**EXERCISE INSTRUCTIONS:** Start at the top of the records and, please, print each line exactly through the line that contains "Adobe Premiere Pro", leaving out all pictures.

**LISTED ENTRIES:**

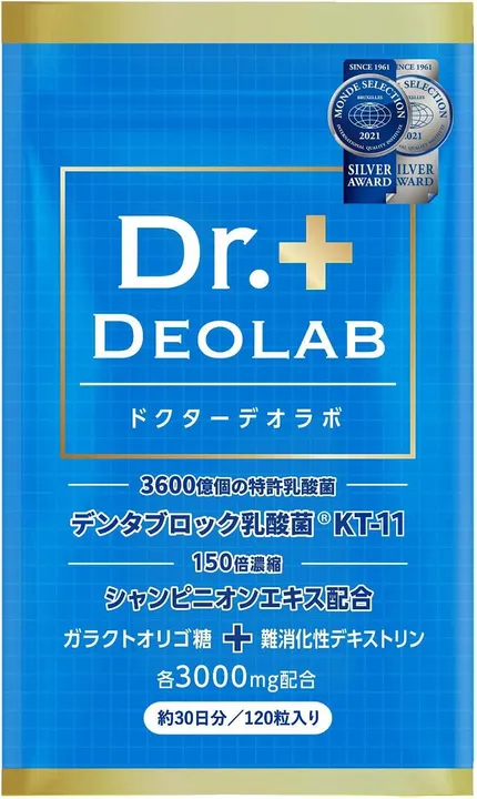 【トリプル配合でインナーケア】 濃縮シャンピニオンエキスを3,000㎎、さらに特許成分乳酸菌「KT-11」3,600億個、オリゴ糖、食物繊維を配合。日々の健康を内側からサポートします。(栄養補助食品) 【製薬会社と共同開発】 製薬会社のノウハウを活かして製造したサプリメントです。お客様に信頼性の高い製品をお届けするため、品質はもちろん、原料選定から製造に至るまで、徹底的にこだわりました。 【美容・健康成分を 配合】 メイン成分の他に、緑茶カテキン、ザクロエキス、バラの花びらエキス、生コーヒーエキス、柿エキス、その他濃縮りんごエキスを配合し、日々の美容と健康をサポートします。 【国内GMP認定工場で製造】 ドクターデオラボは、厳正な品質管理基準をクリアした国内のGMP認定工場のみで製造しております。 【製品仕様】 ・120粒 1日4粒 約30日分 錠剤タイプ ・開封後はチャックをしっかり閉め、直射日光・高温多湿を避けて保存してください。 ・体調・体質により、まれに合わない場合がありますので、その場合はご使用をお控えください。 ・疾病治療中の方、及び妊娠・授乳中の方は、医師にご相談の上ご利用ください。 ・水濡れや汚れのつかない衛生的な環境でお取り扱いください。 ・食物アレルギーのある方は、原料名をご確認の上ご使用をお決めください。
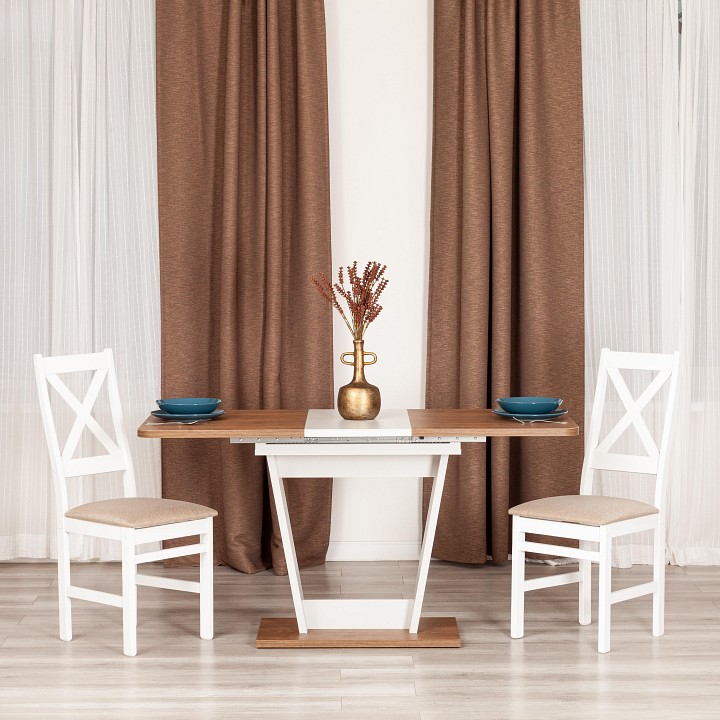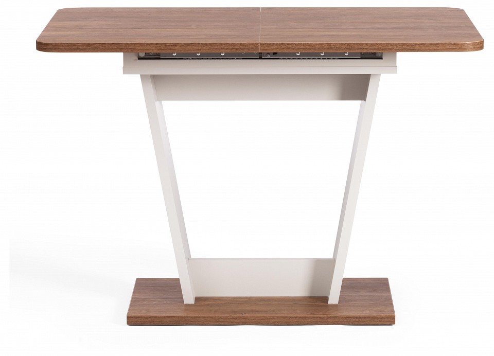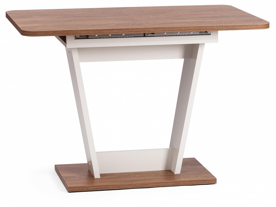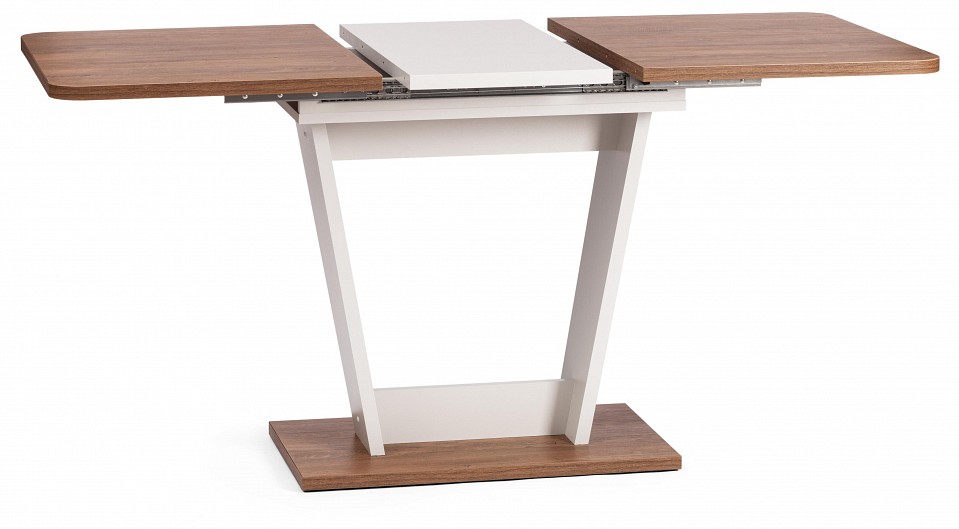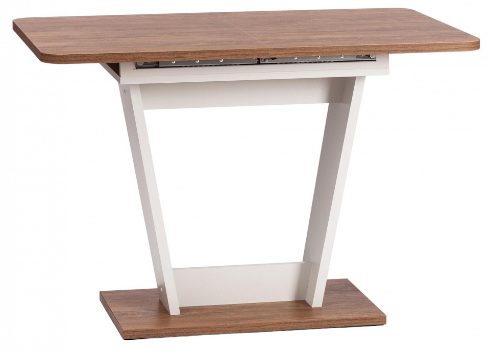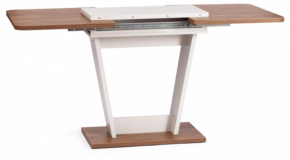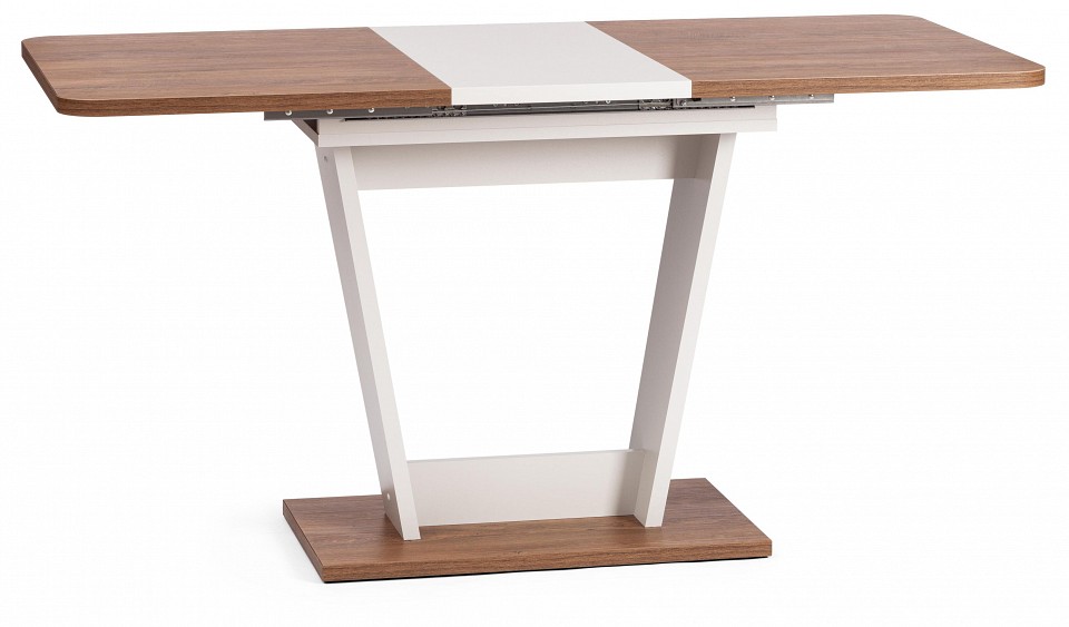 Визуально легкий стол-транформер Fox украсит собой любую домашнюю обстановку.Большая столешница, оригинальная ножка-опора и удачное сочетание цветов дуба артисан и графита – идеальное решение для современного стильного интерьера. Размеры стола дают возможность с комфортом разместить от четырех до шести человек. Вставка стола убирается горизонтально в подстолье. Края оклеены прочной пластиковой кромкой толщиной 2 мм. ЛДСП толщиной 25 мм. Механизм раздвижения — синхронного типа со стопором. Стол отлично подойдёт для гостиной, для кухни или для загородного дома.
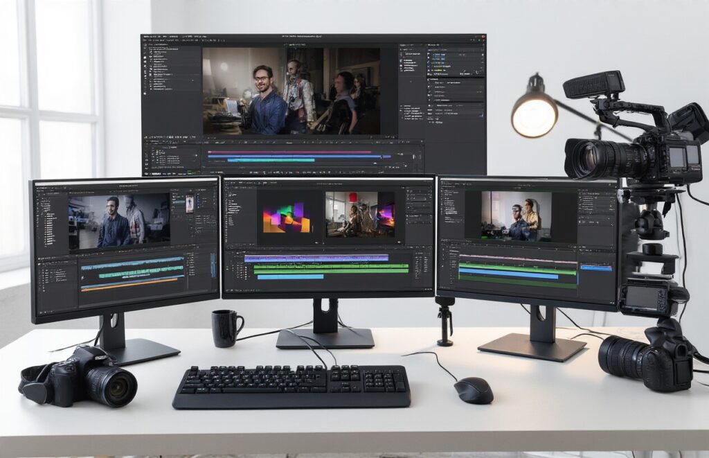 Adobe Premiere Pro leads the premium market with Adobe Sensei AI integration, offering automatic reframing, intelligent audio cleanup, and predictive text generation for captions. The Scene Edit Detection feature can automatically cut imported footage at scene changes, while Auto Reframe ensures your content works across multiple platforms without manual adjustment.
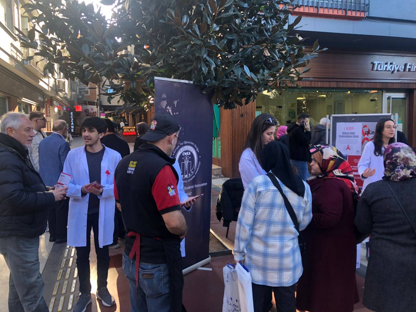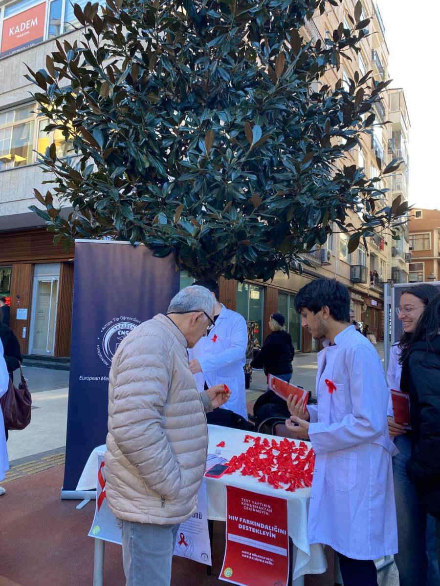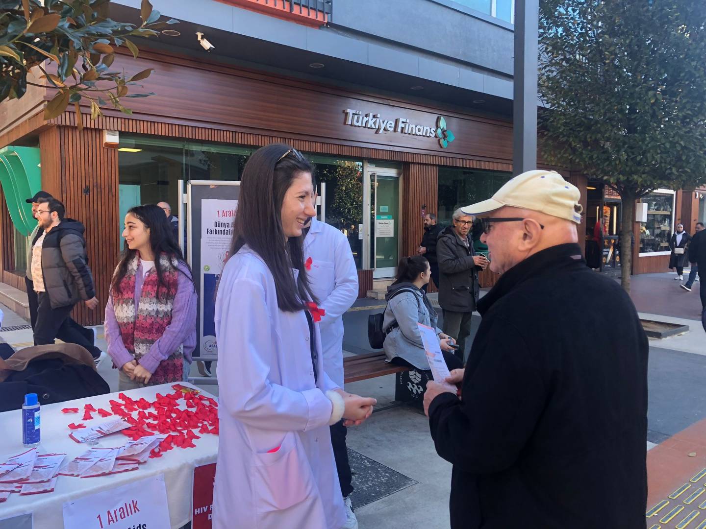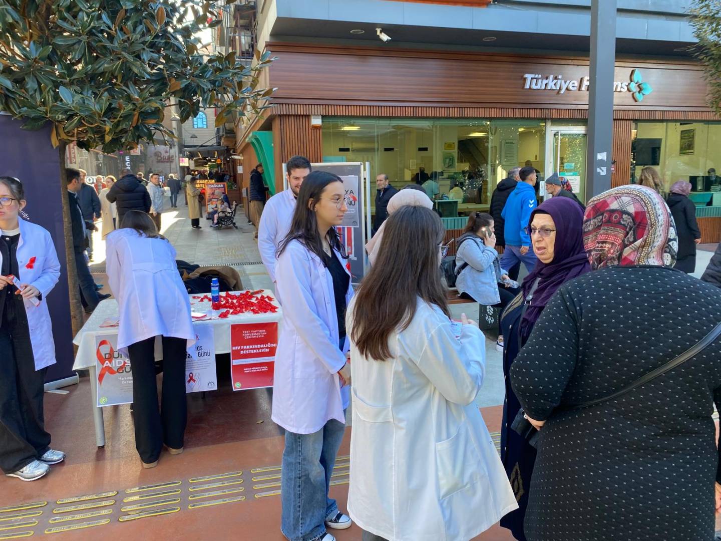 Saha boyunca bilgilendirici broşür ve afişler dağıtıldı, kurulan stantta vatandaşların soruları yanıtlandı. Ayrıca Dünya AIDS Günü’nün sembolü olan kırmızı kurdeleler, dayanışma ve farkındalık amacıyla halka takdim edildi.
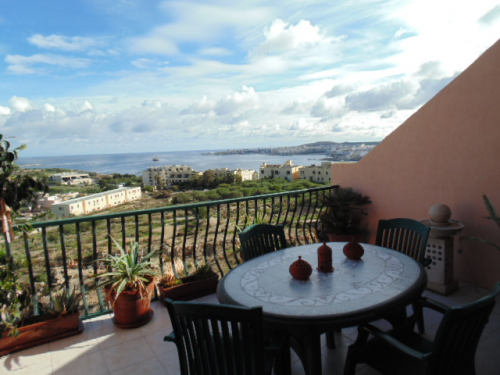 Located on the tip of a quite hill in Xemxija is this very spacious 3 doubled bedroom apartment. Having a larger than normal terrace complimented by insane views and no noise but birds whistling and water running in the distance. Renting this apartment might keep you away from work. the terrace is amazing. Great place if you work from home!
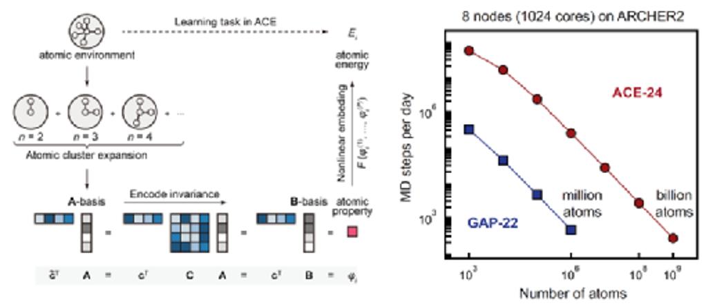 为攻克这一难题,西安交通大学金属材料强度全国重点实验室材料创新设计中心(CAID)与牛津大学研究人员开展合作,开发了一种基于“原子簇扩展”(Atomic Cluster Expansion, ACE)框架的超快机器学习势函数。该工作建立在团队前期开发的GST-GAP机器学习势函数的基础之上Nature Electronics 2023, 6, 746–754),通过引入ACE框架和额外的领域特定数据集迭代流程,使得新的GST-ACE势函数在不损失原子受力与运动精度的前提下,将模拟效率进一步提升,达到GST-GAP的400多倍,可支撑百万原子纳秒级或十亿原子皮秒级的分子动力学模拟。
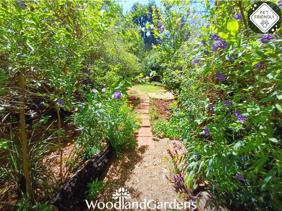 🌿 Veranda with 2 chairs and a table overlooking a private garden space, fully fenced and gated, 🔥 with built in outdoor braai and bonfire areas.
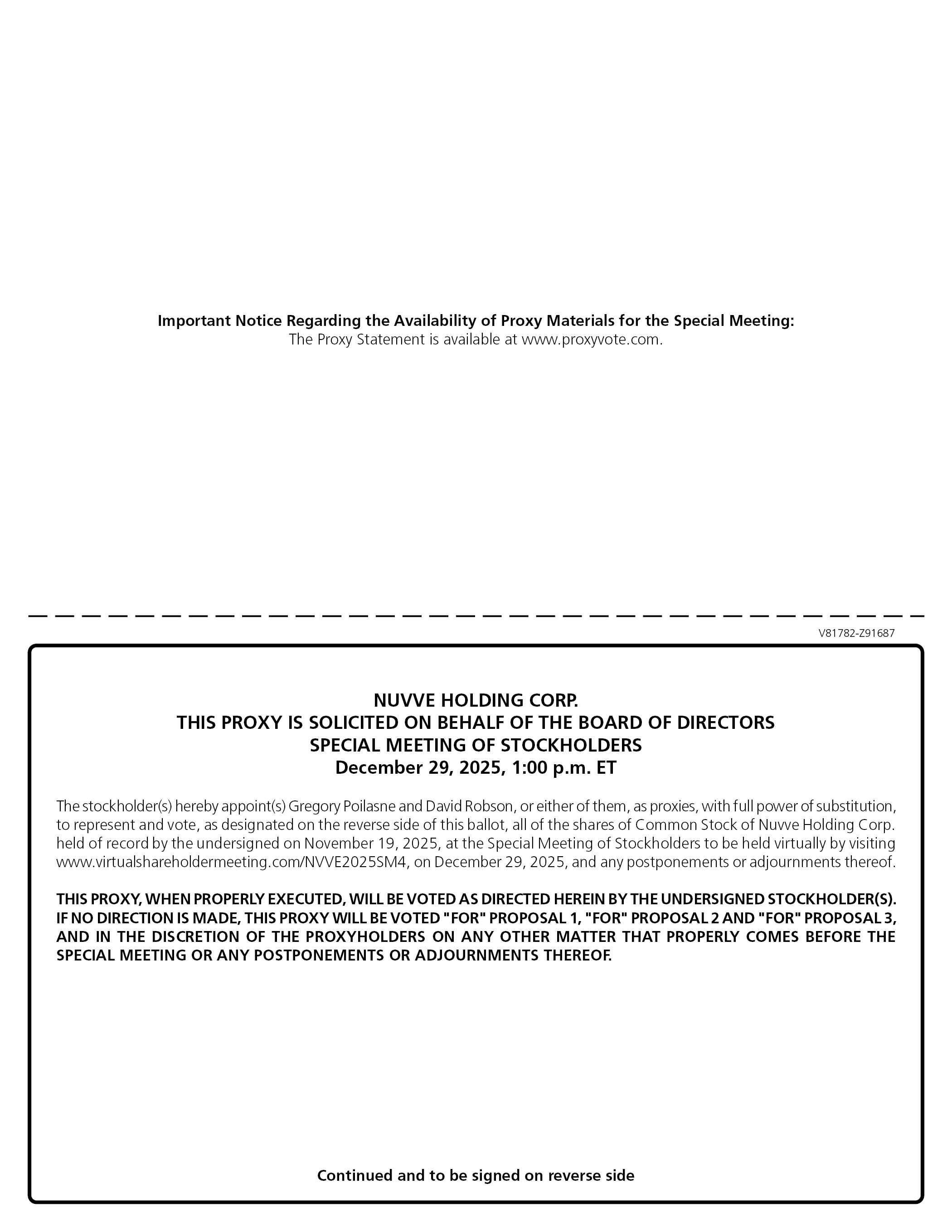 Important Notice Regarding the Availability of Proxy Materials for the Special Meeting: The Proxy Statement is available at www.proxyvote.com. V81782-Z91687 NUVVE HOLDING CORP. THIS PROXY IS SOLICITED ON BEHALF OF THE BOARD OF DIRECTORS SPECIAL MEETING OF STOCKHOLDERS December 29, 2025, 1:00 p.m. ET The stockholder(s) hereby appoint(s) Gregory Poilasne and David Robson, or either of them, as proxies, with full power of substitution, to represent and vote, as designated on the reverse side of this ballot, all of the shares of Common Stock of Nuvve Holding Corp. held of record by the undersigned on November 19, 2025, at the Special Meeting of Stockholders to be held virtually by visiting www.virtualshareholdermeeting.com/NVVE2025SM4, on December 29, 2025, and any postponements or adjournments thereof. THIS PROXY, WHEN PROPERLY EXECUTED, WILL BE VOTED AS DIRECTED HEREIN BY THE UNDERSIGNED STOCKHOLDER(S). IF NO DIRECTION IS MADE, THIS PROXY WILL BE VOTED “FOR” PROPOSAL 1, “FOR” PROPOSAL 2 AND “FOR” PROPOSAL 3,AND IN THE DISCRETION OF THE PROXYHOLDERS ON ANY OTHER MATTER THAT PROPERLY COMES BEFORE THE SPECIAL MEETING OR ANY POSTPONEMENTS OR ADJOURNMENTS THEREOF. Continued and to be signed on reverse side
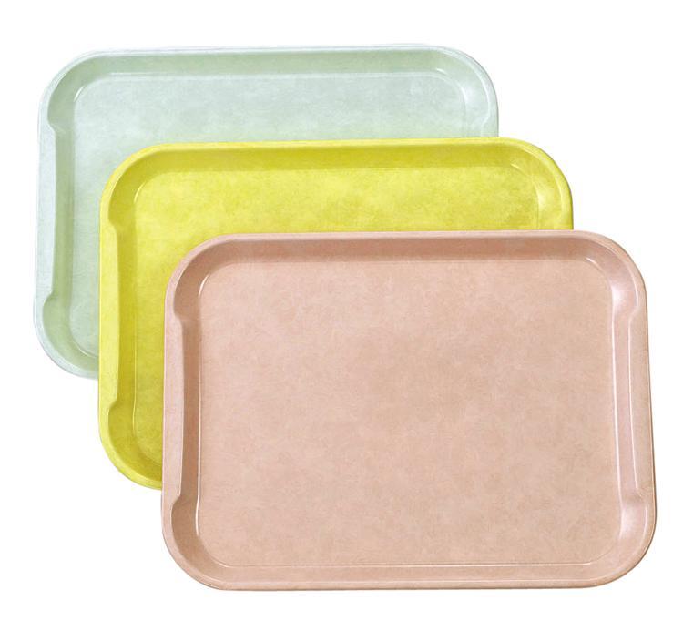 持ち手付のトレーですので、小さな子どもでも非常に持ちやすい形状です。軽くて丈夫なFRP 製。自動洗浄器、消毒保管庫にも使用できます。耐熱温度 130℃
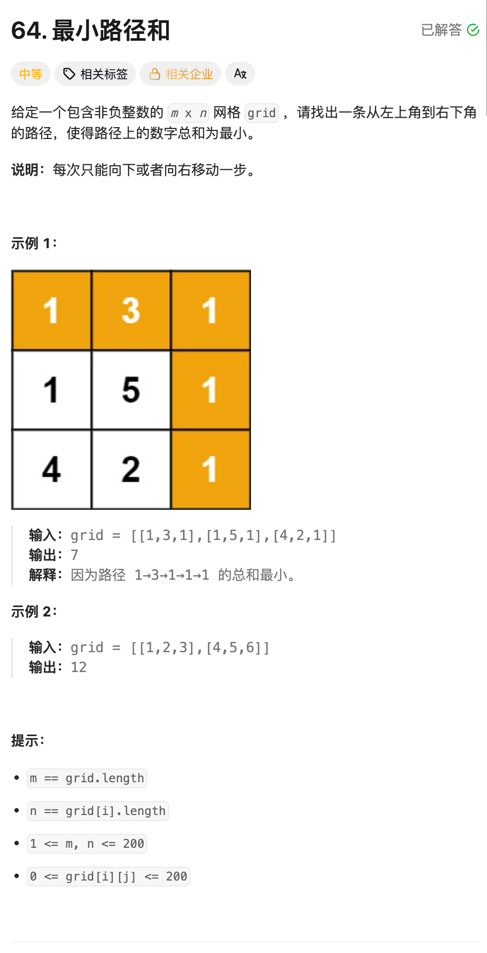 cout << "测试用例3 最小路径和:" << sol.minPathSum(test3) << endl; // 预期结果:6
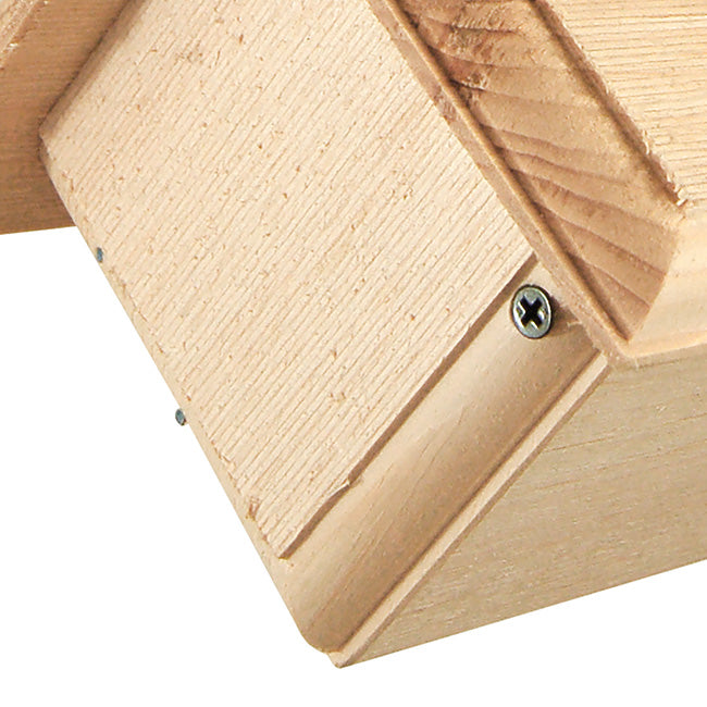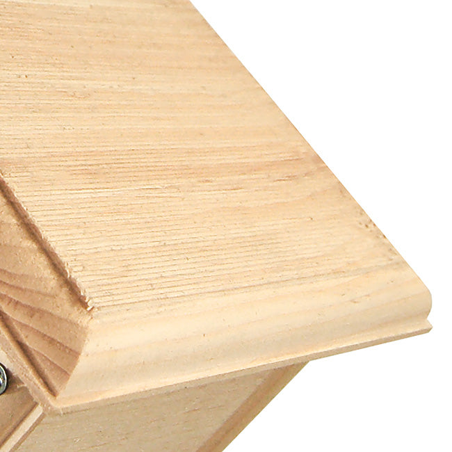 Invite melodious Carolina wrens into your backyard bird garden with the Coveside Hanging Carolina Wren Bird House. These active birds share their songs throughout the day, and offering them this comfortable domicile provides them a safe dwelling you can observe right in your backyard. Much like house wrens, Carolina wrens don't mind a house that sways, and the aged pine construction of this unit is sustainably sourced to give you an exceptional and durable roost for these feathered friends. The pitched roof overhangs the body of the house on all sides, protecting the interior from rain and harsh weather. Extended ventilation slots along the sides of the roof keep the internal temperature of the home cozy and well regulated, while a pair of angled corners at the base of the house offer drainage to the nest, keeping it dry. The abode's wide opening specifically accommodates large sticks, giving wrens the chance to bring their material in for a comfortable nest, and the rough hewn pine lets nestlings get a reliable grip when they are trying to exit the box. One side panel lifts upward for easy cleaning and nest checks, and a small metal latch in the corner keeps the shelter securely closed. The 0.75" thick panels lend ideal insulation to the home, while the light color of the unfinished pine assists in keeping it cool during the summer. This unit will age to a graceful and fetching gray tone over time and with exposure to the elements, providing dynamic beauty to your backyard décor. Use the attached chain to easily hang this house from a tree branch or wall bracket for a dazzling, quaint showcase. Offer a comfortable roost that appeals to Carolina wrens with this Hanging Carolina Wren Bird House. Made in the USA.

**RESULT OF THIS EXERCISE:**
 【トリプル配合でインナーケア】 濃縮シャンピニオンエキスを3,000㎎、さらに特許成分乳酸菌「KT-11」3,600億個、オリゴ糖、食物繊維を配合。日々の健康を内側からサポートします。(栄養補助食品) 【製薬会社と共同開発】 製薬会社のノウハウを活かして製造したサプリメントです。お客様に信頼性の高い製品をお届けするため、品質はもちろん、原料選定から製造に至るまで、徹底的にこだわりました。 【美容・健康成分を 配合】 メイン成分の他に、緑茶カテキン、ザクロエキス、バラの花びらエキス、生コーヒーエキス、柿エキス、その他濃縮りんごエキスを配合し、日々の美容と健康をサポートします。 【国内GMP認定工場で製造】 ドクターデオラボは、厳正な品質管理基準をクリアした国内のGMP認定工場のみで製造しております。 【製品仕様】 ・120粒 1日4粒 約30日分 錠剤タイプ ・開封後はチャックをしっかり閉め、直射日光・高温多湿を避けて保存してください。 ・体調・体質により、まれに合わない場合がありますので、その場合はご使用をお控えください。 ・疾病治療中の方、及び妊娠・授乳中の方は、医師にご相談の上ご利用ください。 ・水濡れや汚れのつかない衛生的な環境でお取り扱いください。 ・食物アレルギーのある方は、原料名をご確認の上ご使用をお決めください。
 Визуально легкий стол-транформер Fox украсит собой любую домашнюю обстановку.Большая столешница, оригинальная ножка-опора и удачное сочетание цветов дуба артисан и графита – идеальное решение для современного стильного интерьера. Размеры стола дают возможность с комфортом разместить от четырех до шести человек. Вставка стола убирается горизонтально в подстолье. Края оклеены прочной пластиковой кромкой толщиной 2 мм. ЛДСП толщиной 25 мм. Механизм раздвижения — синхронного типа со стопором. Стол отлично подойдёт для гостиной, для кухни или для загородного дома.
 Adobe Premiere Pro leads the premium market with Adobe Sensei AI integration, offering automatic reframing, intelligent audio cleanup, and predictive text generation for captions. The Scene Edit Detection feature can automatically cut imported footage at scene changes, while Auto Reframe ensures your content works across multiple platforms without manual adjustment.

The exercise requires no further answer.